Article by Ruth Condro | Owl Staff

Within each county there are mysteries of the history and how life was in the past. It’s easy to overlook the beauty of our surroundings and forget how our very own counties and cities were developed. It is in the past that we can learn about and appreciate our hometowns.

Recognized for its educational success and contributions to restoring the history of the Hays-Heighe House, the grounds of HCC were once admired for its breeding of prize-winning horses.

The house was built in 1808 by the Hays family and later owned by the Heighe’s family, who inherited the famous horse, Durbar II.

Compiling five victories throughout his career, Durbar’s presence still lies beneath us on campus and only history tells the story of his location.

Known for the best racing in the nation, New York received bad news in 1908 when the state legislature passed the Hart-Agnew bill, outlawing gambling in the state. Struggling with the urge to continue racing, Durbar’s owner, Herman Duryea sent his American-born horses to Europe.

It was at this time that Durbar caused controversy in Britain. He was the first American horse to win the British Derby of 1914.

After the death of Durbar’s owner, he was transferred to America following the 1924 season. The horse became the property of Robert Heighe, Mrs. Duryea’s nephew, in 1928 and was moved to Prospect Hill farm, presently on HCC’s campus. Shortly after his arrival, the old stallion became ill and died in 1931.

It is believed that beneath the fields of Harford’s campus there are several horses and other animals buried, along with Durbar II. The important question is where?

“Compiling five victories throughout his career, Durbar’s presence still lies beneath us on campus and only history tells the story of his location.”

HCC employee, Carol Himmer’s grandfather, Fritz Boniface, was once the stud foreman at Prospect Hill farm in the 1930’s. Boniface believed the horse was buried near the flagpole to the side of the library. This is also where Himmer once saw a stone marker in recognition of Durbar II.

However, there are conflicting opinions. Himmer’s uncle believed the horse was buried on the lawn side of the Hays-Heighe house, now considered the rear of the house.

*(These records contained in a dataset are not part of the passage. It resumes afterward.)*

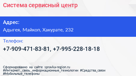 Система, сервисный центр по адресу Адыгея, Майкоп, Хакурате, 232 в дальнейшем Организация, размещена в следующих категориях:
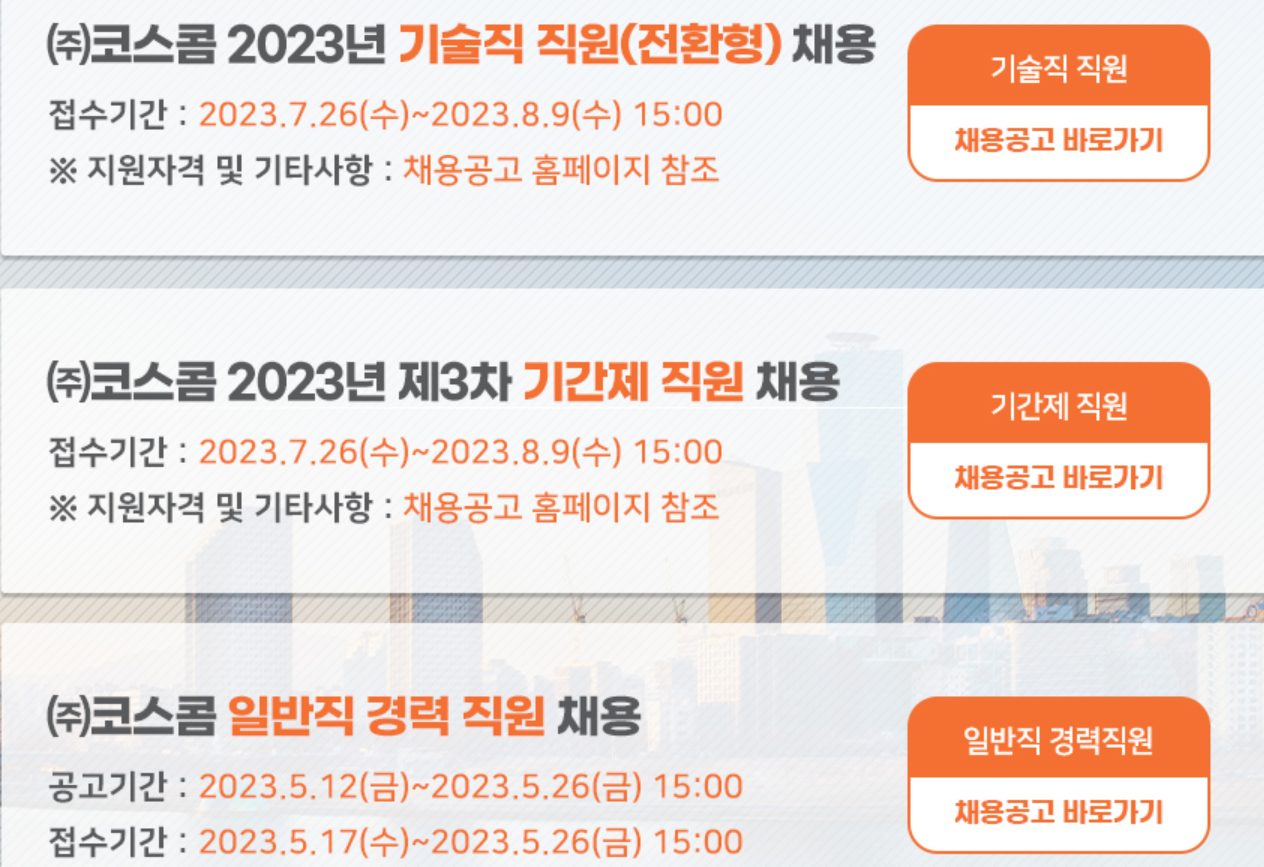 코스콤에서 기술직 직원과 기간제 직원, 일반직 경력직원을 뽑습니다.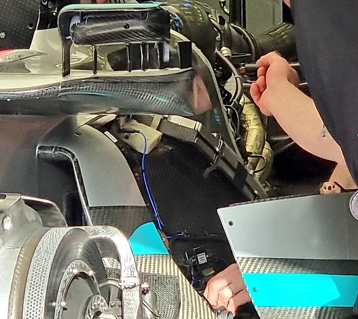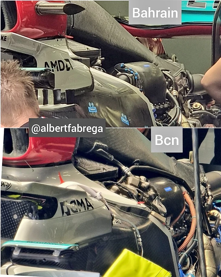 И судя по сравнению компоновки внутренностей W13 с тестов в Барселоне и обкатки в Бахрейне, детали под корпусом в самом деле не поменялись – только немного сдвинулись с учетом уплотнения компоновки: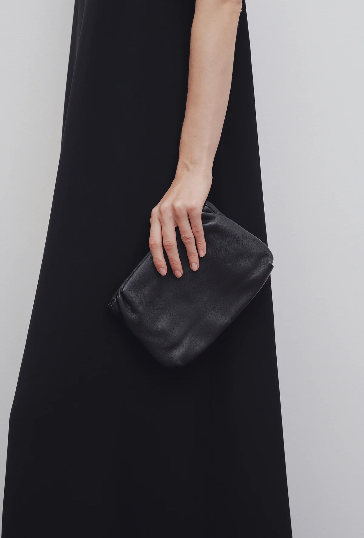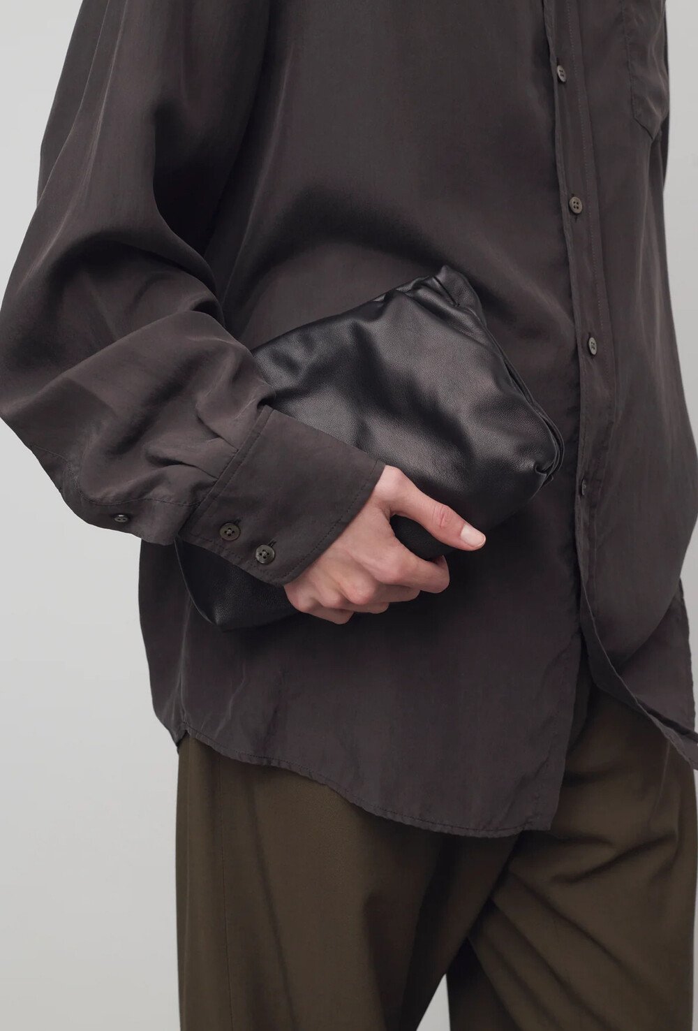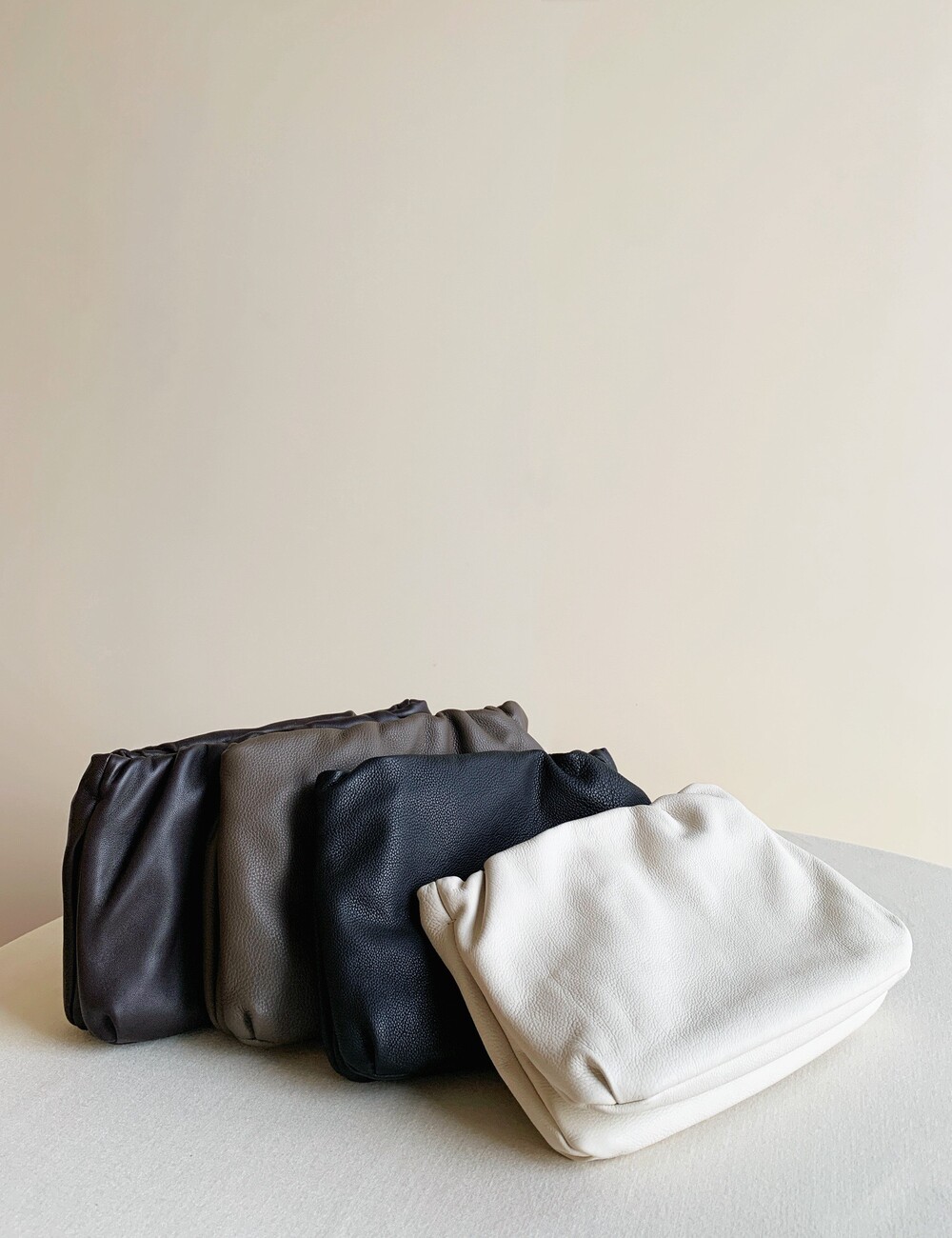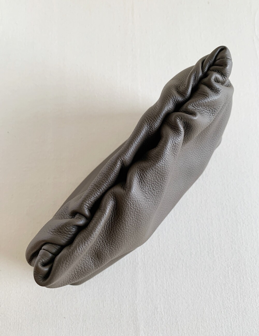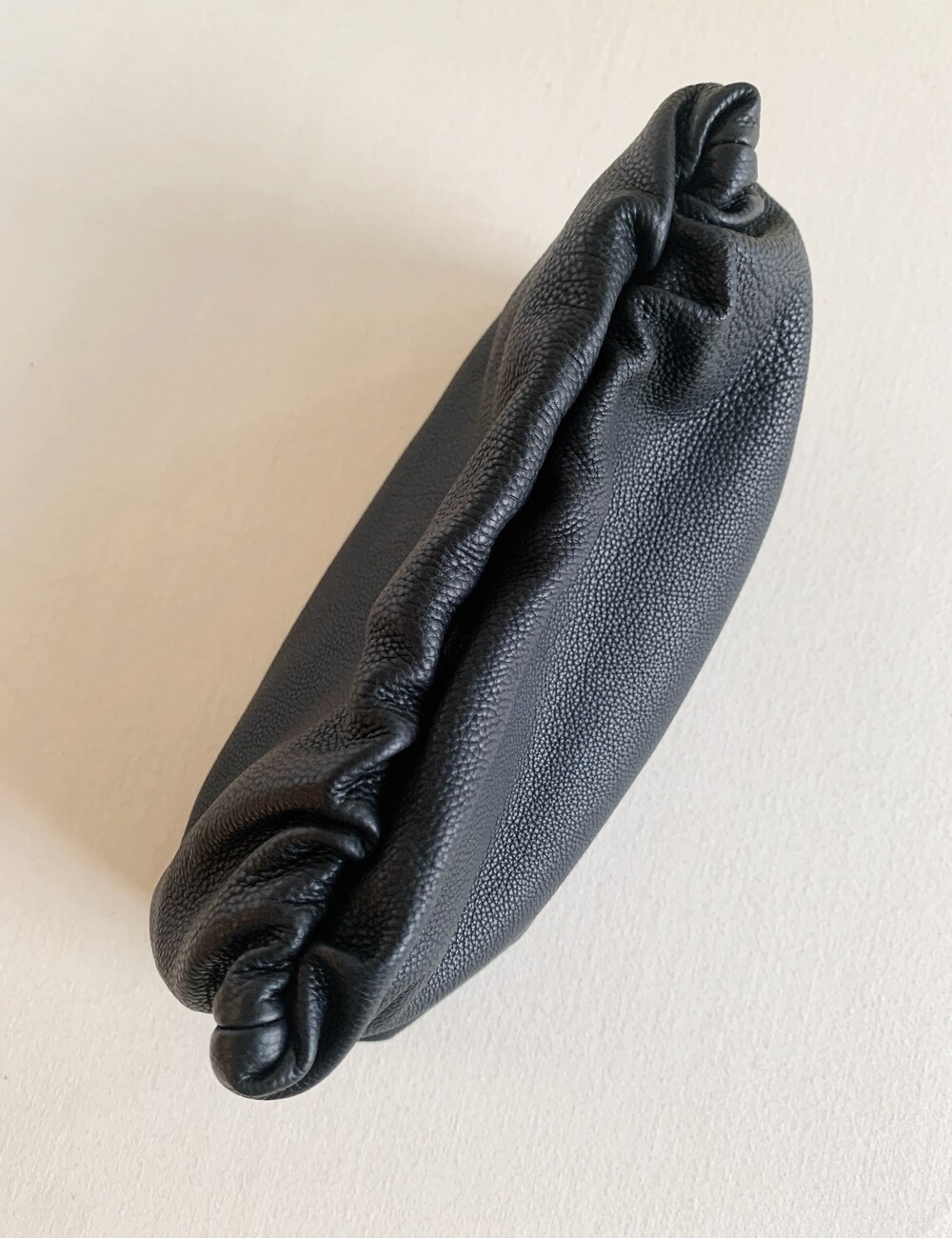 감춰진 조절식 숄더 스트랩과 힌지 프레임 클로저를 갖춘 세련되게 그레인 마감된 송아지 가죽 소재의 주름 마감 클러치. 버터처럼 부드러운 감촉과 은은한 광택이 특징인 이 가죽은 유연한 질감과 세련된 마감을 제공합니다.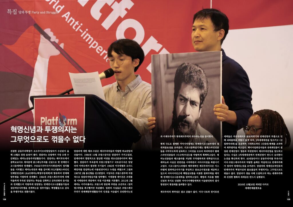 견결한 공동주의혁명가 조르주이브라힘압달라가 수감된지 올해 10월로 장장 40년이 됐다. 압달라는 유럽에서 가장 오래 수감돼있는 레바논공동주의당활동가다. 압달라는 베이루트에서 중학교교사로 재직중에 맑스레닌주의를 신념으로 한 반제반시오니즘세력과 연계됐다. PNSS(시리아국가사회당)에서 정치활동을 시작했고 레바논내전과 때를 같이해 PFLP(팔레스타인인민해방전선)와 LRAF(레바논혁명무장세력)에 합류하며 반제해방투쟁을 가열하게 전개했다. 1984년 프랑스제국주의에 의해 억울하게 투옥된 압달라는 학습을 강화하고 감옥안팎의 동지들과 연계했으며 악랄하게 탄압받는 반제반시오니즘활동가들과 집단적단식투쟁을 전개하는등 멈추지않는 혁명활동으로 감옥을 투쟁무대로 전환시켰다.
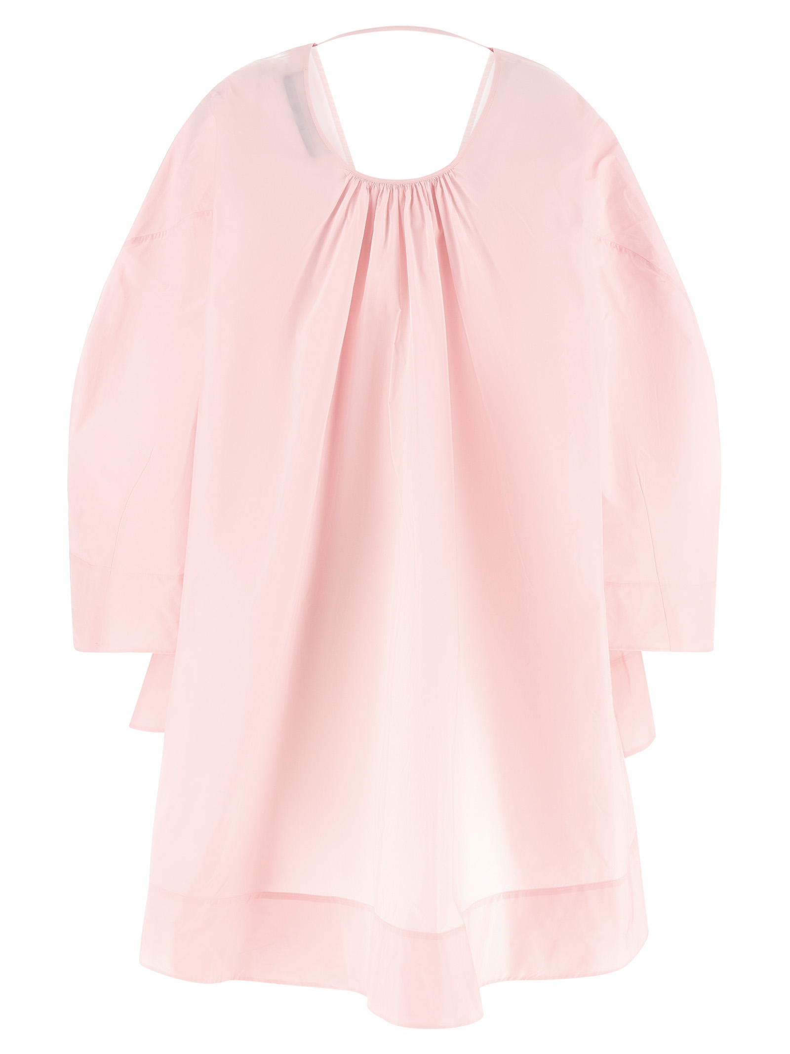 ‘La Robe Paysan’ mini dress in textured transparent cotton poplin with tunic style, flared silhouette, wide front V-neck, wide and curved long sleeves, round back neckline with fixing strap, rounded and asymmetrical hem.
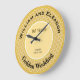 Celebre 50 anos com este relógio de aniversário de Bodas de Ouro. O relógio elegante pode ser personalizado com os nomes do casal, data do casamento e data do aniversário. A parte externa do relógio é decorada com um padrão de favos de mel. Um presente encantador para amigos ou familiares na ocasião especial das Bodas de Ouro.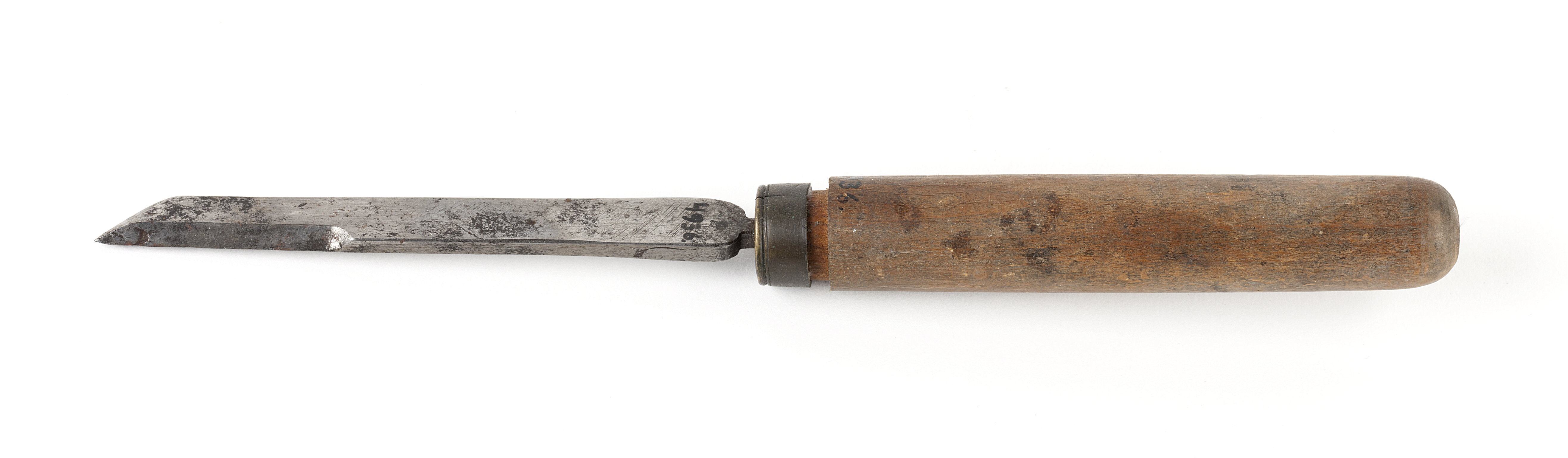 Klinga med rektangulär genomskärning, rundad bas. Sned främre egg samt en sidoegg. Cylindriskt, svarvat skaft av bok. Mässingsring.

According to Dr. Sharon Stowers, Assistant Professor of Sociology & Anthropology, test pits have been conducted around the Hays-Heighe House, but no artifacts or bones have been found. Test pits are important because they provide the opportunity to quickly examine a large area. Detailed archaeological excavations are often conducted to determine, if possible, sites exist.

The soil on HCC’s campus is acidic clay; therefore, “in Maryland, bones of people and animals rarely survive because of the chemicals in the soil, except if buried with oyster shells,” explains Stowers. The chemical composition of shells helps neutralize the acids in clay soils and can lead to the discovery of people and animals remains.

She continues to explain a new source of hope in finding the infamous Durbar II by the use of ground penetrating radar. It has not yet been conducted on campus, but has the capability to show soil disturbances. These archeological studies help with the “development of the Hays-Heighe’s House, as a historic entity and exhibit space,” says Stowers.

Considered a national historic place, “the Hays-Heighe House highlights the social and cultural history of Harford County,” Dr. Stowers explains enthusiastically.

Her devotion to preserving the house and to archeological digs has impacted the history of not only the house, but in understanding the history of the legendary Durbar II.

Although funding has not yet begun towards ground penetrating radar, the hope of one day locating the champion racehorse stands in the future of HCC.